Around 30 bodies were laid out in neat rows and the square near Sanaa University overflowed with mourners, who massed under tight security and despite a two-day-old state of emergency.
Waving Yemeni flags and shouting slogans denouncing the regime, the mourners formed a massive procession as they carried the bodies in coffins on their shoulders to the cemetery.
“Ali, the blood of the martyrs will not be in vain!” they chanted, referring to the president. “We sacrifice blood and soul for you, oh martyr,” they roared in tribute to the martyrs.
Politicians and civil society representatives joined the throng.

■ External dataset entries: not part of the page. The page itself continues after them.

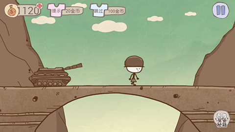 游戏目标就是要让史小坑安全的通过大桥。看到豆腐渣工程桥,你当然不能直接开着坦克过去,要不然非死不可,点击坦克,坦克会停下,然后一直点击史小坑,直到通过即可。
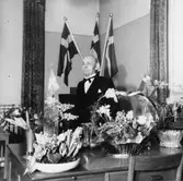 GOTLÄNDSK LANTBREVBÄRING 1964. Fyra av Visbys sex lantbrevbärare samlade på Skeppsbron kring en gotlandskarta och förste kontrollör Stig Borg, andre man fr v..
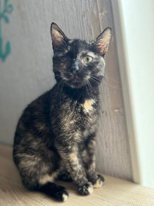Uttara a 4 mois, cette minette est très câline, elle s'entend très bien avec ses congénères, le chien et adore les enfants.

Ali Abed Rabbo al-Qadi, the head of the independent parliamentary bloc who was in the crowd, said those responsible for the killings must be “held responsible for every drop of blood that has been shed.”

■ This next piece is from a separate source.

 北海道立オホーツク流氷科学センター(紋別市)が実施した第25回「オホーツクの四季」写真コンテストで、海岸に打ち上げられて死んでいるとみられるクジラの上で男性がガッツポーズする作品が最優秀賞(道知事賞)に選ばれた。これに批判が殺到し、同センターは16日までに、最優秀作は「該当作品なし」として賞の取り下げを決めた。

Muslim clerics called on Yemeni soldiers to disobey orders to shoot demonstrators, and blamed Saleh – in power since 1978 – for the slaughter on Friday. “We call on the army and security forces to not carry out any order from anyone to kill and repress” demonstrators, a group of influential clerics in the deeply religious country said in a joint statement. They also called for Saleh’s elite Republican Guard troops to be withdrawn from the capital, where protesters have defied the state of emergency called after Friday’s violence and continued a sit-in.

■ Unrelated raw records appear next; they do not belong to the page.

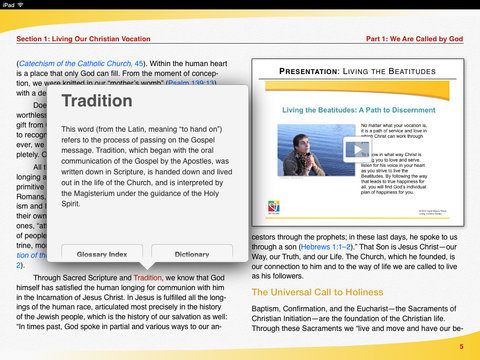 - In-text links to official, online versions of Scripture, the Catechism, and Church documents so that students can study quotes from the text in their original context.
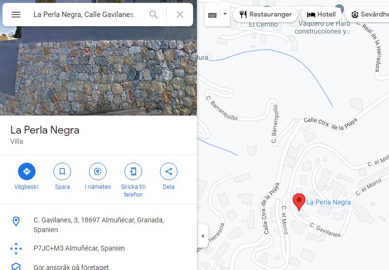 För att hitta till La Perla Negra, öppna Google Maps och sök på La Perla Negra Almunecar.
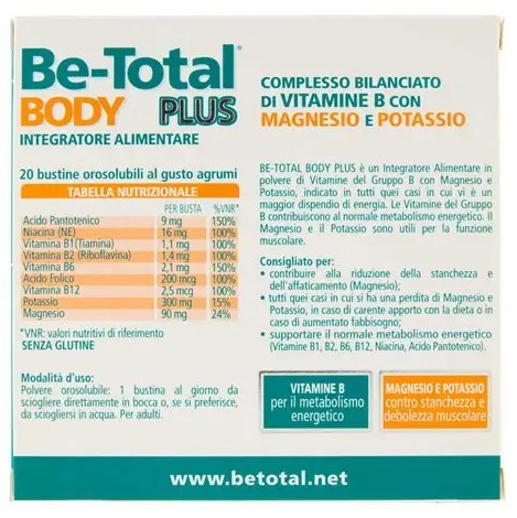 Витаминный комплекс Be-Total Body Plus, цитрус — это идеальное решение для поддержания здоровья и энергии на каждый день. В каждой упаковке содержится 20 пакетиков с приятным цитрусовым вкусом, которые обеспечат ваш организм необходимыми витаминами и минералами.

Saleh had declared Sunday a national day of mourning for the “martyrs for democracy,” while blaming the opposition for “incitement and chaos” that had led to the killings.
Youth activists organizing the sit-in panned Saleh’s declaration as insincere. “After getting blood on his hands… he cried crocodile tears for the martyrs,” they said in a statement.
Meanwhile, Human rights minister Huda al-Baan announced late on Saturday that she was resigning in protest at Friday’s bloodbath, where the undersecretary at her ministry, Ali Taysir, has also stepped down.
Baan became the third Yemeni minister to quit in as many days, along with a host of senior officials and at least two ambassadors.
A report said that Yemen’s Ambassador to the UN Abdullah Alsaidi has also resigned following the violent crackdown on anti-government protesters in Sana’a.
On Saturday, Yemeni Ambassador to Lebanon Faisal Amin Abu al-Ras also quit his post to protest Saleh’s crackdown on anti-government protesters. The move by Abu al-Ras marked the first by a Yemeni envoy to protest Friday’s violence brought by government forces against protesters in the capital.